● **WORK INSTRUCTIONS**
Starting at the line that contains "ブッフェエリアに行くと、まず目に飛び込んでくるのが山盛りの海鮮~!", write out every line through the last one in the records below, word for word. Leave out any pictures.

● **SOURCE DATA**

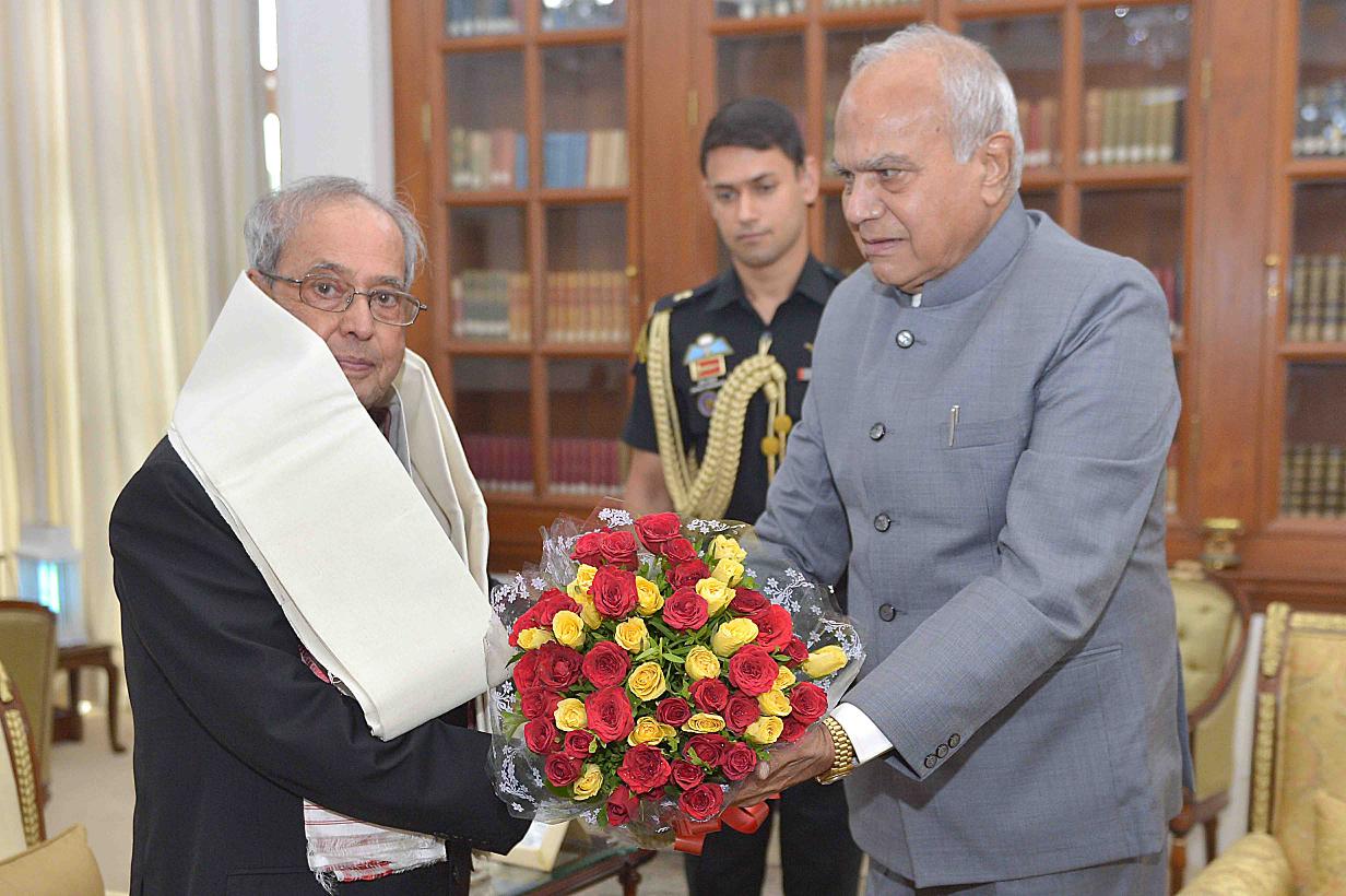 The President of India, Shri Pranab Mukherjee meeting with Shri Banwarilal Purohit, Governor of Assam, at Rashtrapati Bhavan on July 03, 2017.
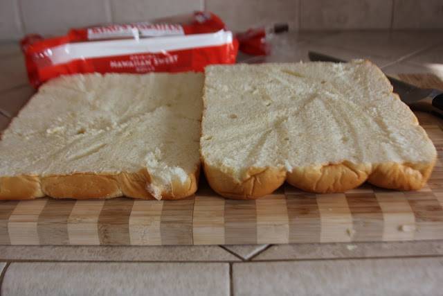 Нам понадобится белый хлеб. Разрежьте его вдоль на две или три части (в зависимости от размера хлеба).
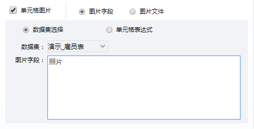 - 图片字段是图片存在数据库的某个字段中,设置为图片字段后可以通过读取该字段从数据库中取出图片显示在单元格中。分为数据集选择和单元格表达式两种。
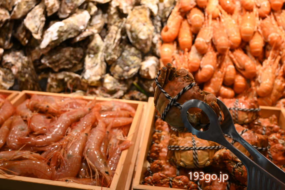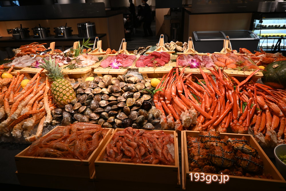 ブッフェエリアに行くと、まず目に飛び込んでくるのが山盛りの海鮮~!
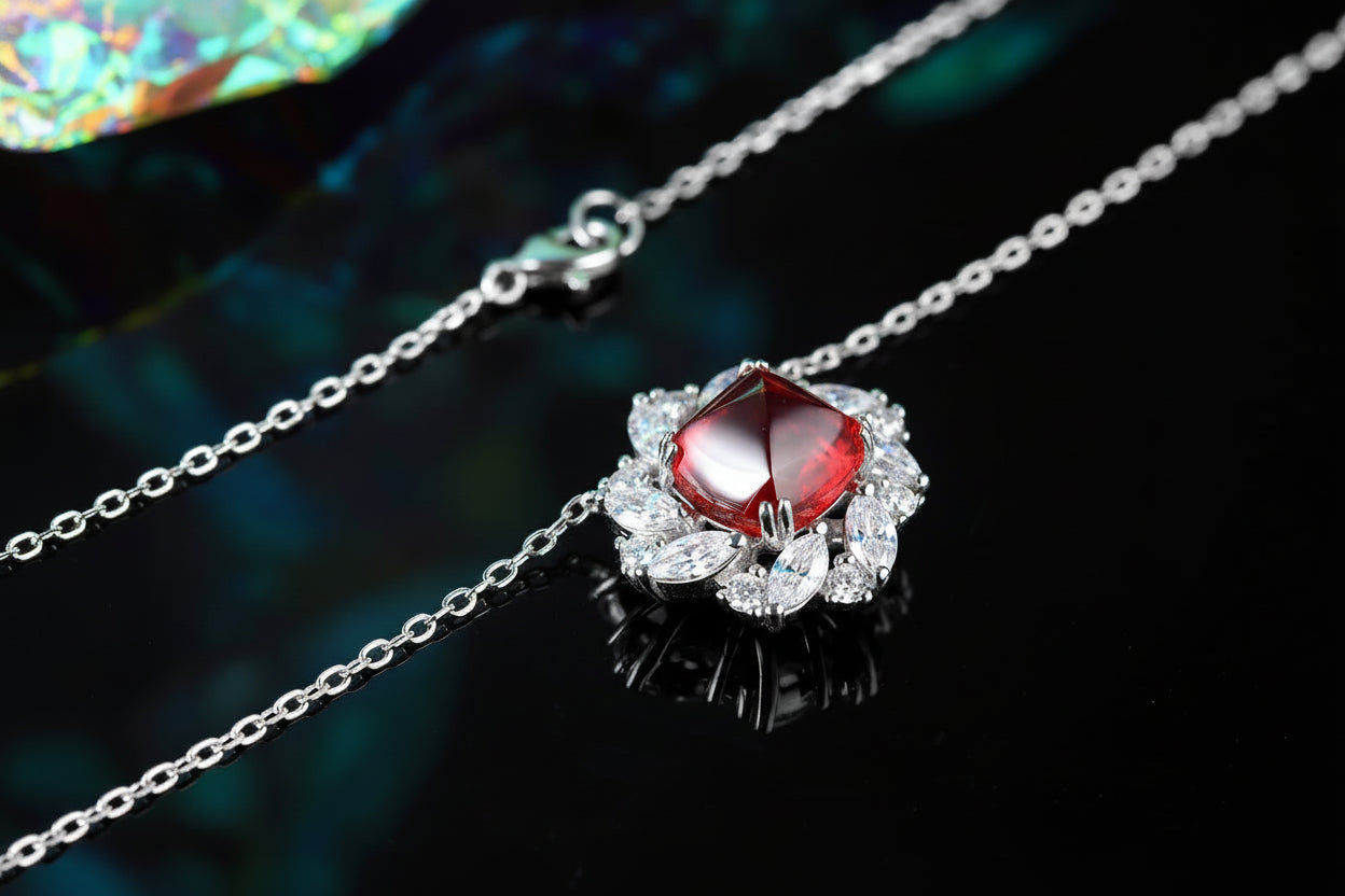 Add timeless elegance to your jewelry collection with this exquisite vintage-inspired flower necklace. Crafted from genuine 925 sterling silver and featuring beautiful lab-grown gemstones, this piece combines classic design with modern sustainability.

● **TASK OUTPUT**
 ブッフェエリアに行くと、まず目に飛び込んでくるのが山盛りの海鮮~!
 Add timeless elegance to your jewelry collection with this exquisite vintage-inspired flower necklace. Crafted from genuine 925 sterling silver and featuring beautiful lab-grown gemstones, this piece combines classic design with modern sustainability.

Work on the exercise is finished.